UW News

July 7, 2005

Presidential Early Career Award

Dr. William Grady, assistant professor of medicine at the UW and assistant member of the Fred Hutchinson Cancer Research Center, has been honored as one of the country’s most promising young scientists. He joins three other UW faculty (see story in University Week) who were among the 58 winners of the Presidential Early Career Awards in Science and Engineering this year.

Grady is also an attending physician in the Seattle Cancer Care Alliance and a research associate at the VA Puget Sound Health Care System. The U.S. Department of Veterans Affairs sponsored Grady’s Presidential Early Career Award. He received an Advanced Research Career Development Award from the VA in 2002, when he was in Nashville, Tenn., and moved to Seattle last year.

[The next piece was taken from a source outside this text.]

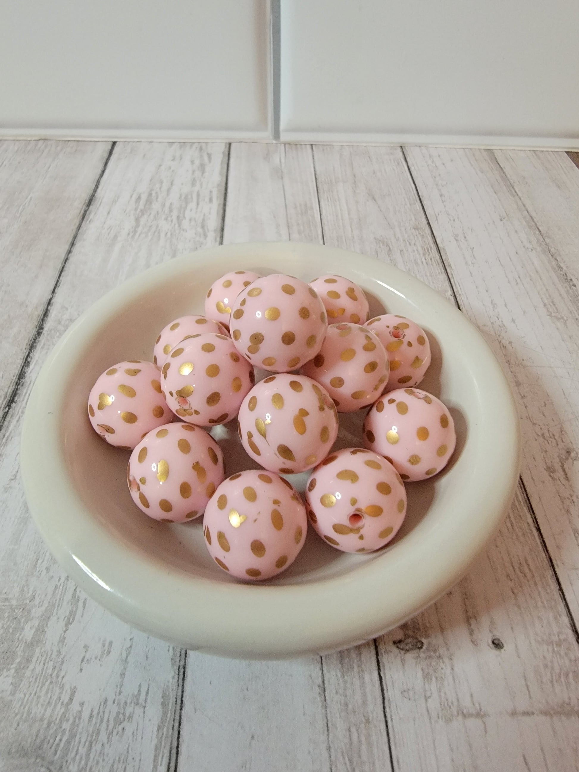20mm Pink and Gold Poka Dot Beads are perfect for home decor or Arts and Crafts! You can purchase in packs of 1, 4, 12 and 24.
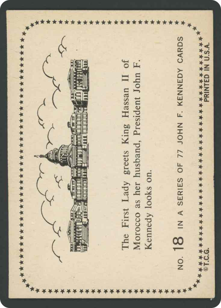 The First Lady greets King Hassan II of Morocco as her husband, President John F. Kennedy looks on.

He was recognized for his research into the cellular and molecular mechanisms of colon cancer. Grady studies transforming factor beta (TGF-B), which normally suppresses tumor growth. Colon cancers can become resistant to the effects of TGF-B by inactivating a receptor for the growth factor. Grady’s lab examines what happens in a cell when that receptor is inactivated.

Grady becomes the seventh School of Medicine faculty member to receive the award, first given by President Clinton in 1996. The awards were presented at the White House in June.